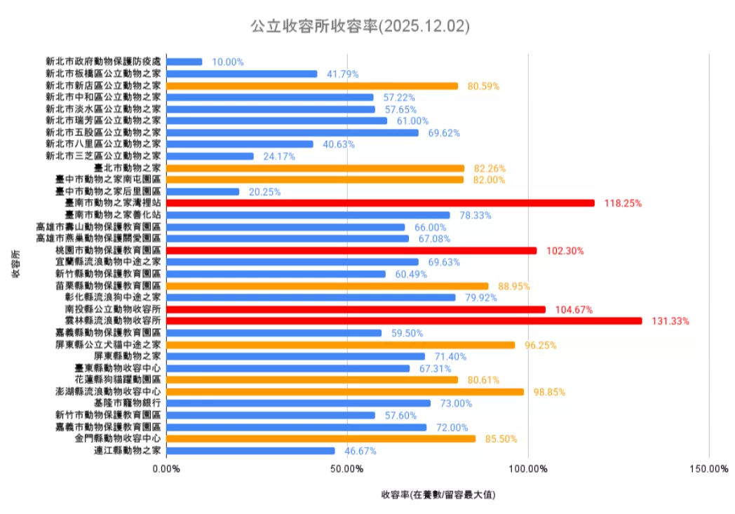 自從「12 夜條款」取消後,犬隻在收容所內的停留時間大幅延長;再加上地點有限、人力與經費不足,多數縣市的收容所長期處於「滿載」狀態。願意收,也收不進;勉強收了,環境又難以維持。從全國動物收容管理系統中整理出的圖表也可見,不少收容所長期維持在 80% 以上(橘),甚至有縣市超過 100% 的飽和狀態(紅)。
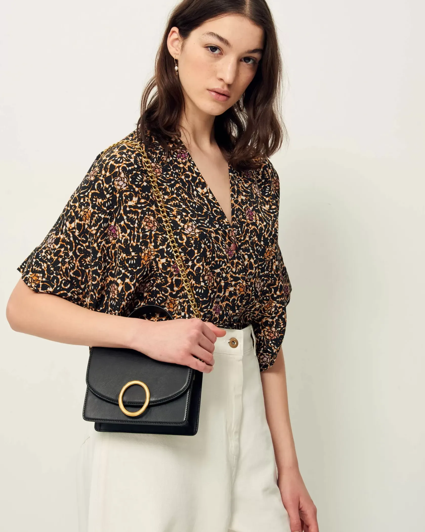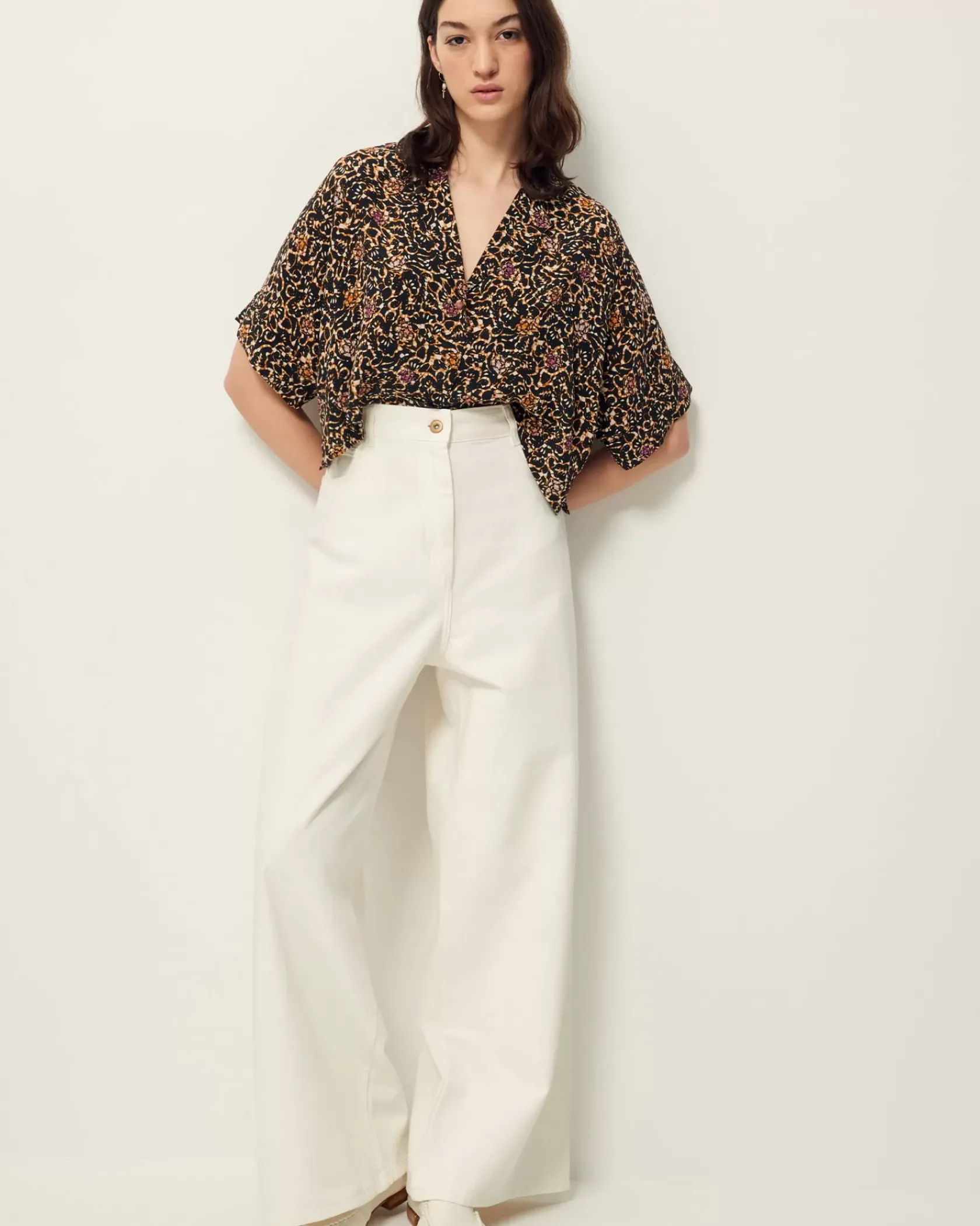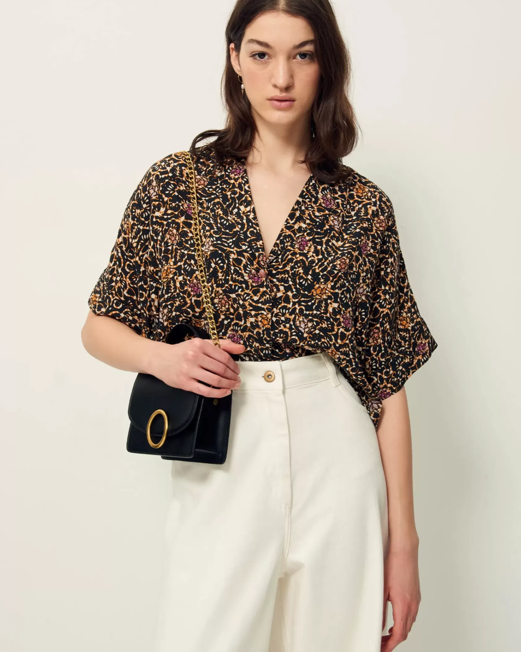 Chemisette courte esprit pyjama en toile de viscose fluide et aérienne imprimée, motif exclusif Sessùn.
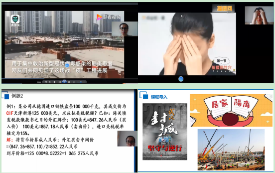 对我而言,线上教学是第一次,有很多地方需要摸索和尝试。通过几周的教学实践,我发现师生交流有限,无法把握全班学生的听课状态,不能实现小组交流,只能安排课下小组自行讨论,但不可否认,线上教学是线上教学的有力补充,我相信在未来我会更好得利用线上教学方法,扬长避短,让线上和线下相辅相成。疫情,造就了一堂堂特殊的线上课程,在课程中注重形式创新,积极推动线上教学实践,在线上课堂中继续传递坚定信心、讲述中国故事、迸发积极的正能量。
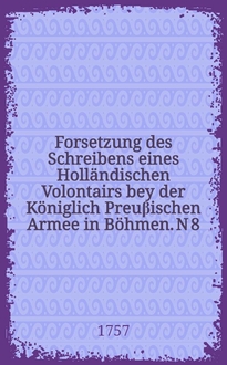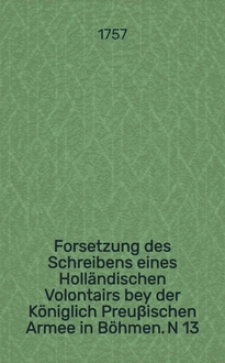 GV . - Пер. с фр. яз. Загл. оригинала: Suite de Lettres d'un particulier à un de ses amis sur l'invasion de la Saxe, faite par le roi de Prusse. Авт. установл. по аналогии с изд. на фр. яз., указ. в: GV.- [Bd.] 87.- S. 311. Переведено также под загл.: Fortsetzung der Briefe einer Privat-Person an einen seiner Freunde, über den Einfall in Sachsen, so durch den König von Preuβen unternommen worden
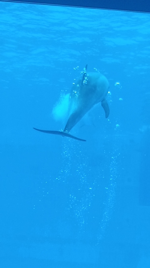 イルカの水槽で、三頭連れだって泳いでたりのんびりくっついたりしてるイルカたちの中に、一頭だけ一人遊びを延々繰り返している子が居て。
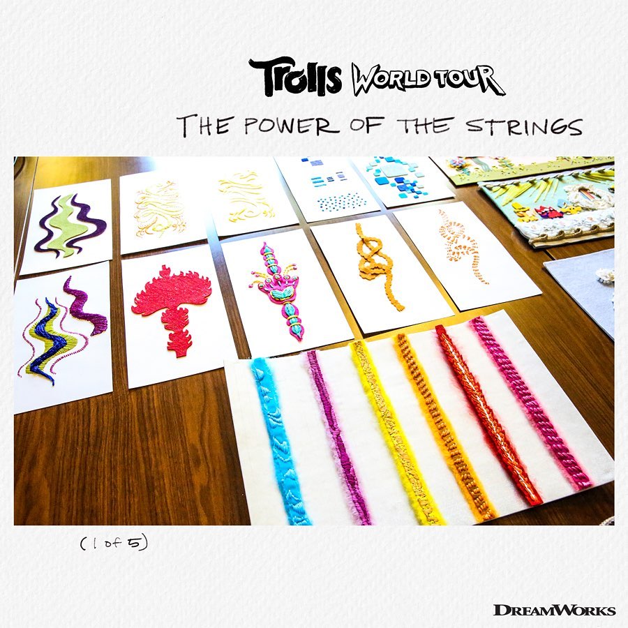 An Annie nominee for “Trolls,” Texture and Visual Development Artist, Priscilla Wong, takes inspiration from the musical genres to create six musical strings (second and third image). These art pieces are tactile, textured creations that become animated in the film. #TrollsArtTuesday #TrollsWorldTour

===

What the task requires - Everything from the line that contains "对我而言,线上教学是第一次,有很多地方需" through the final line of the material should be returned exactly, except the pictures.

Response box -
 对我而言,线上教学是第一次,有很多地方需要摸索和尝试。通过几周的教学实践,我发现师生交流有限,无法把握全班学生的听课状态,不能实现小组交流,只能安排课下小组自行讨论,但不可否认,线上教学是线上教学的有力补充,我相信在未来我会更好得利用线上教学方法,扬长避短,让线上和线下相辅相成。疫情,造就了一堂堂特殊的线上课程,在课程中注重形式创新,积极推动线上教学实践,在线上课堂中继续传递坚定信心、讲述中国故事、迸发积极的正能量。
 GV . - Пер. с фр. яз. Загл. оригинала: Suite de Lettres d'un particulier à un de ses amis sur l'invasion de la Saxe, faite par le roi de Prusse. Авт. установл. по аналогии с изд. на фр. яз., указ. в: GV.- [Bd.] 87.- S. 311. Переведено также под загл.: Fortsetzung der Briefe einer Privat-Person an einen seiner Freunde, über den Einfall in Sachsen, so durch den König von Preuβen unternommen worden
 イルカの水槽で、三頭連れだって泳いでたりのんびりくっついたりしてるイルカたちの中に、一頭だけ一人遊びを延々繰り返している子が居て。
 An Annie nominee for “Trolls,” Texture and Visual Development Artist, Priscilla Wong, takes inspiration from the musical genres to create six musical strings (second and third image). These art pieces are tactile, textured creations that become animated in the film. #TrollsArtTuesday #TrollsWorldTour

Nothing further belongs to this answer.